Helena Wysocka

Wzięli pożyczkę, a potem musieli uciekać ze swoich domów

Właściciel majątku kazał mi się wyprowadzić. Gdy odmówiłem, dokuczał. Dziurawił ściany, próbował wykuwać drzwi i okna, wynosił meble.  A później spłonął Fot. H. Wysocka Właściciel majątku kazał mi się wyprowadzić. Gdy odmówiłem, dokuczał. Dziurawił ściany, próbował wykuwać drzwi i okna, wynosił meble. A później spłonął dom. Uciekłem z niego tak jak stałem - opowiada Kazimierz Kazimierski.
Helena Wysocka

Skupuje długi, albo pożycza pieniądze. A później przejmuje majątki dłużników. - Uważajcie, on nie ma Boga w sercu- przestrzega Kazimierz Kazimierski z gm. Bakałarzewo.

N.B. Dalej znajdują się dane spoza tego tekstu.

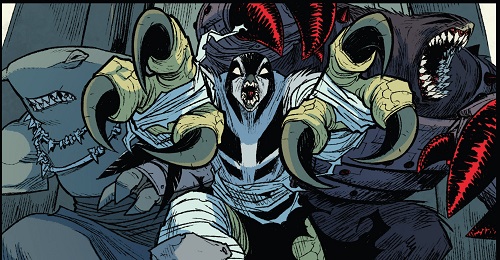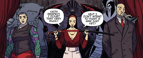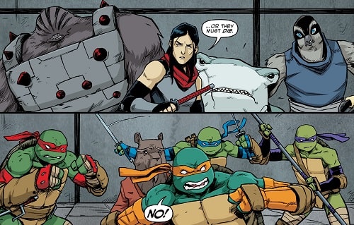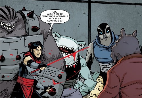 Sa fidélité envers le chef du Foot Clan était très forte. L’accompagnant avec le requin sur le champ de bataille de Burnow Island (TMNT (Vol. 5) #42), ils combattirent les troupes du général Krang. Lorsque le Technodrome initia sa phase de terraformation de l’île, les rangs du Foot Clan furent presque totalement décimés. Elle crut que Shredder était mort, terrassé par l’utrom et l’oxygène qui venait à manquer. Elle partit avec Bludgeon pour New York, assumant leur échec et le déshonneur qui en découlait (TMNT (Vol. 5) #44).
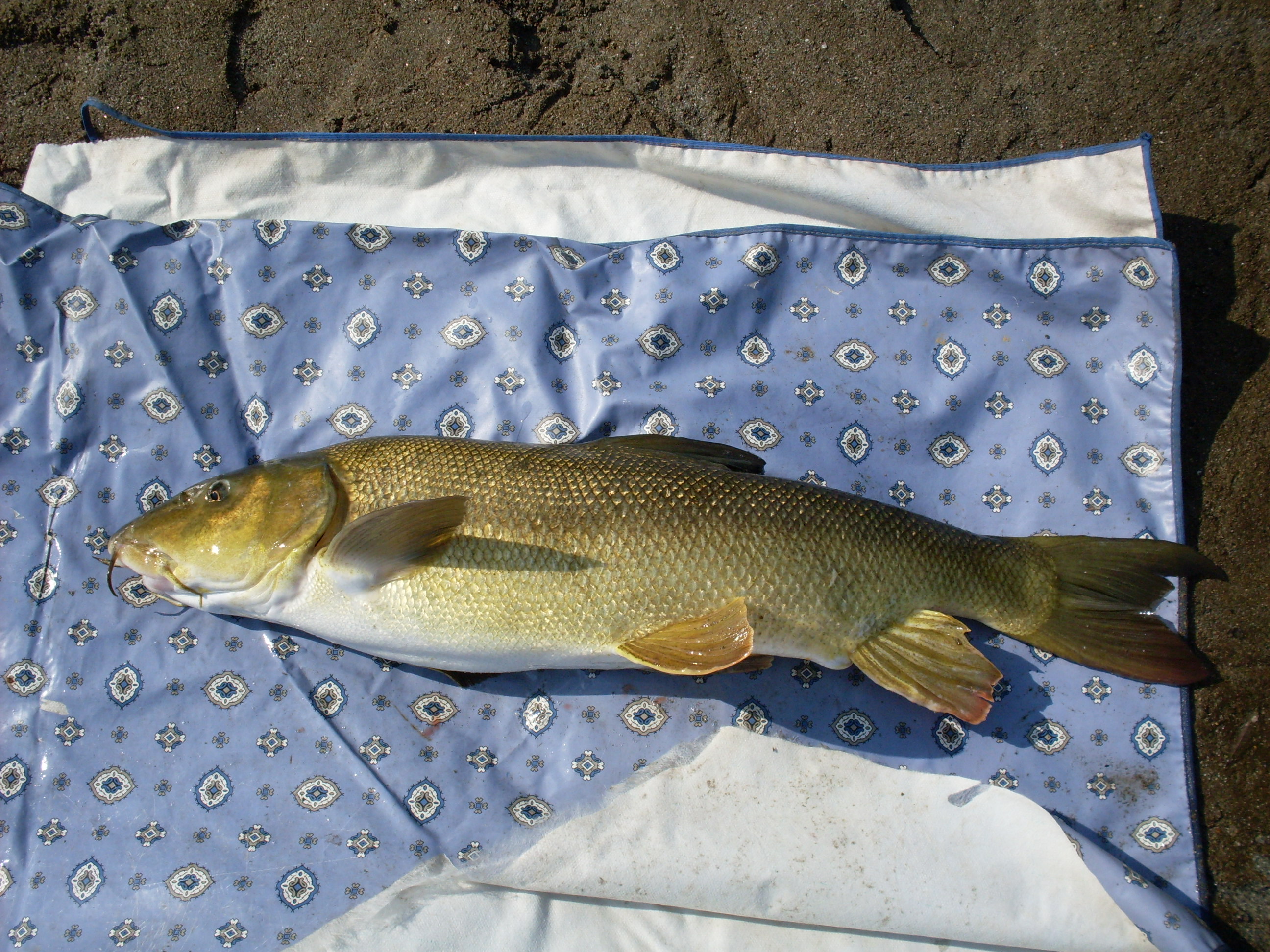 c'è dentro una tovaglia e degli stracci, per fortuna c'è sabbia, allargo la tovaglia sulla sabbia , guadino il pesce, lo slamoe cerco il cavalletto per la foto in autoscatto ma non lo trovo, decido di fare la foto sul materassino e lo rilascio,

Mężczyzna z płonącego domu wybiegł tak, jak stał. Gołe i bose pozostały też dwie inne rodziny, którym „pomógł” Jarosław M. Obie, pod osłoną nocy uciekały ze swoich domów. Jedna rodzina podjęła walkę o odzyskanie gospodarstwa. Zgłosiła sprawę suwalskiej prokuraturze, a ta sprawdza, czy nie doszło do oszustwa.

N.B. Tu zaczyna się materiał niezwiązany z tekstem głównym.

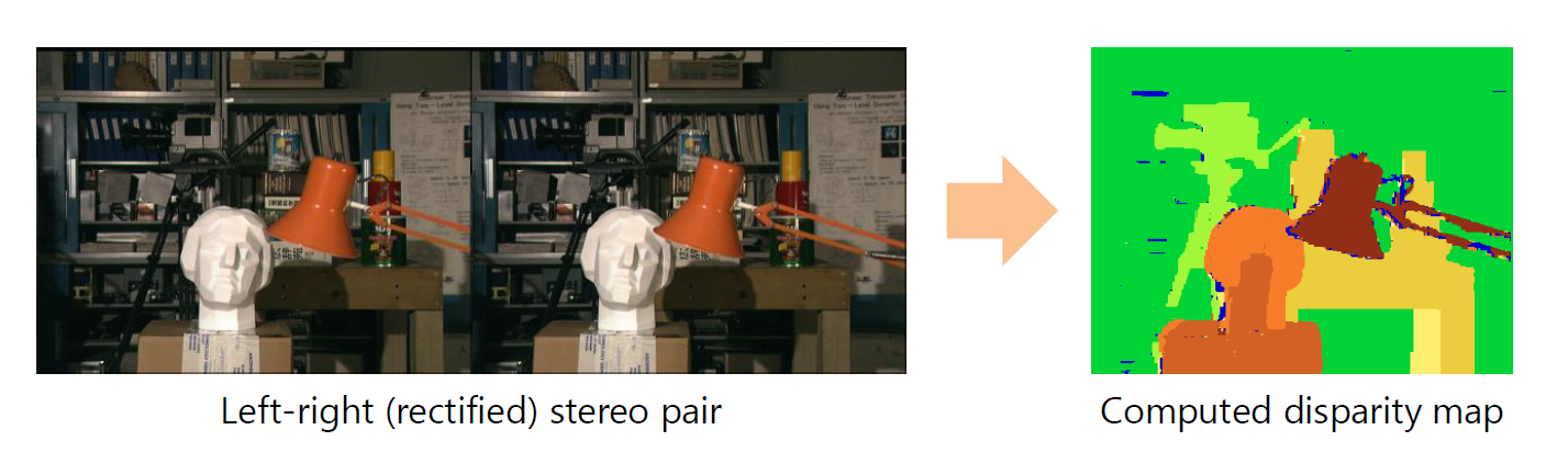 왼쪽과 오른쪽에서 바라봤을 때의 stereo pair이며, disparity를 계산한 map입니다. 이는 로봇과 네비게이션, 비디오 효과에 유용하게 쓰입니다.

Znęcał się? Prokurator to ustala

Kazimierz Kazimierski pochodzi z Kamionki Starej (gm. Bakałarzewo). Tam się urodził i wychował. Tam też przejął po rodzicach 18-hektarowe, zadbane gospodarstwo rolne. - Jeśli tata widzi jak ono teraz wygląda, przewraca się w grobie - mówi mężczyzna.

Dodaje, że nie szczędził sił, by uprawiać ziemię i hodować zwierzęta. Kilka lat temu podupadł na zdrowiu i uznał, że pora przekazać majątek synowi Mariuszowi. Co wydarzyło się cztery lata temu, trudno powiedzieć. Mariusz twierdzi, że spotkał Jarosława M. przypadkiem, w Olecku. Znali się ze szkoły, poszli na piwo.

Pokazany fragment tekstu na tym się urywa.